Yeah, you are correct. The irq disabling window has to cover all the 
cpc_read(). I didn't test with this patch. My test was done conceptually 
with:

disable irq
cppc_get_perf_ctrs(t0)
udelay(2)
cppc_get_perf_ctrs(t1)
enable irq

But this will break cpc_read_ffh().

>
> (asking for more information)
> Just to check, the core/perf counters are AMUs and the other CPPC 
> registers
> are mmio right ? Is it possible to know the CPPC registers that are
> implemented on your platform ?

AFAIK, the perf counters are implemented by AMU and accessed via mmio, 
the other CPPC registers are implemented by PCC.

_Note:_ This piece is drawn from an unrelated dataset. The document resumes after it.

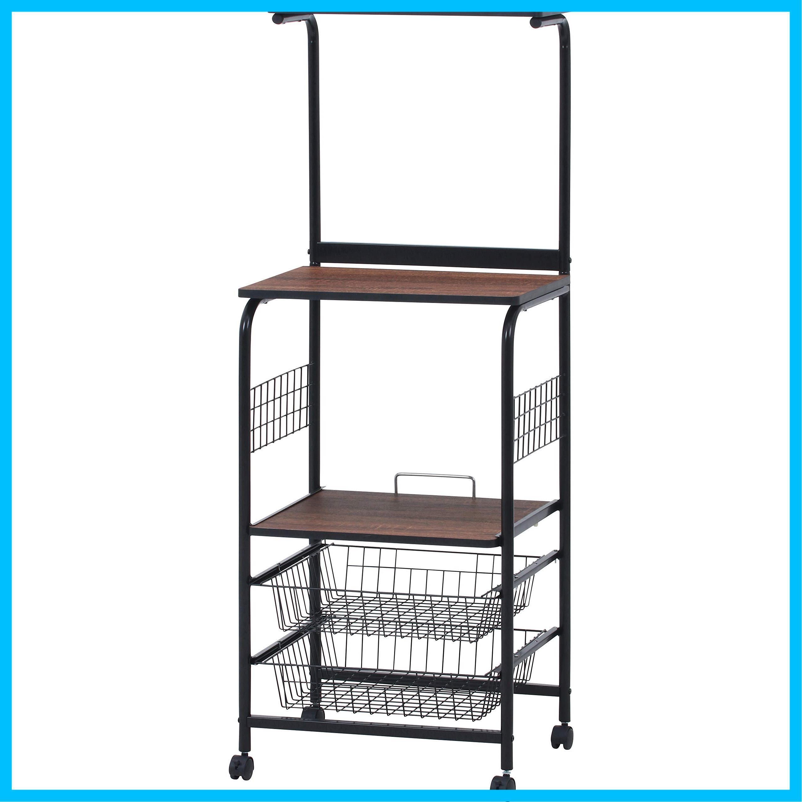 不二貿易 レンジ台 キッチンラック 幅51.5×奥行41×高さ140.5cm ブラック ブラウン スライド棚 収納 レンジワゴン キャスター付き 14637

> Also is it possible which platform you are using ?

Ampere One

>
>>
>> diff --git a/drivers/acpi/cppc_acpi.c b/drivers/acpi/cppc_acpi.c
>> index c51d3ccb4cca..f3c92d844074 100644
>> --- a/drivers/acpi/cppc_acpi.c
>> +++ b/drivers/acpi/cppc_acpi.c
>> @@ -982,6 +982,7 @@ static int cpc_read(int cpu, struct
>> cpc_register_resource *reg_res, u64 *val)
>>           void __iomem *vaddr = NULL;
>>           int pcc_ss_id = per_cpu(cpu_pcc_subspace_idx, cpu);
>>           struct cpc_reg *reg = &reg_res->cpc_entry.reg;
>> +       unsigned long flags;
>>
>>           if (reg_res->type == ACPI_TYPE_INTEGER) {
>>                   *val = reg_res->cpc_entry.int_value;
>> @@ -1015,6 +1016,7 @@ static int cpc_read(int cpu, struct
>> cpc_register_resource *reg_res, u64 *val)
>>                   return
>> acpi_os_read_memory((acpi_physical_address)reg->address,
>>                                   val, reg->bit_width);
>>
>> +       local_irq_save(flags);
>>           switch (reg->bit_width) {
>>           case 8:
>>                   *val = readb_relaxed(vaddr);
>> @@ -1029,10 +1031,12 @@ static int cpc_read(int cpu, struct
>> cpc_register_resource *reg_res, u64 *val)
>>                   *val = readq_relaxed(vaddr);
>>                   break;
>>           default:
>> +               local_irq_restore(flags);
>>                   pr_debug("Error: Cannot read %u bit width from PCC for
>> ss: %d\n",
>>                            reg->bit_width, pcc_ss_id);
>>                   return -EFAULT;
>>           }
>> +       local_irq_restore(flags);
>>
>>           return 0;
>>    }
>>
>>>          /*
>>>           * Per spec, if ctr_wrap_time optional register is
>>> unsupported, then the
>>>           * performance counters are assumed to never wrap during the
>>> lifetime of
>>>
>>>> Third, if the counters are implemented by AMU, cpc_read_ffh() needs to
>>>> send IPI so it requires IRQ enabled.
>>>
>>> If I'm not mistaken, the CPU calling cpc_read_ffh() might have IRQs
>>> disabled,
>>> it should not prevent it to send IPIs no ?
>>
>> It can't work with irq disabled. The comment in counters_read_on_cpu()
>> says "Abort call on counterless CPU or when interrupts are disabled -
>> can lead to deadlock in smp sync call."
>>
>>
>> And it just returns -EPERM and raise a warning if irq is disabled.
>
> Ok right,
>
> Regards,
> Piere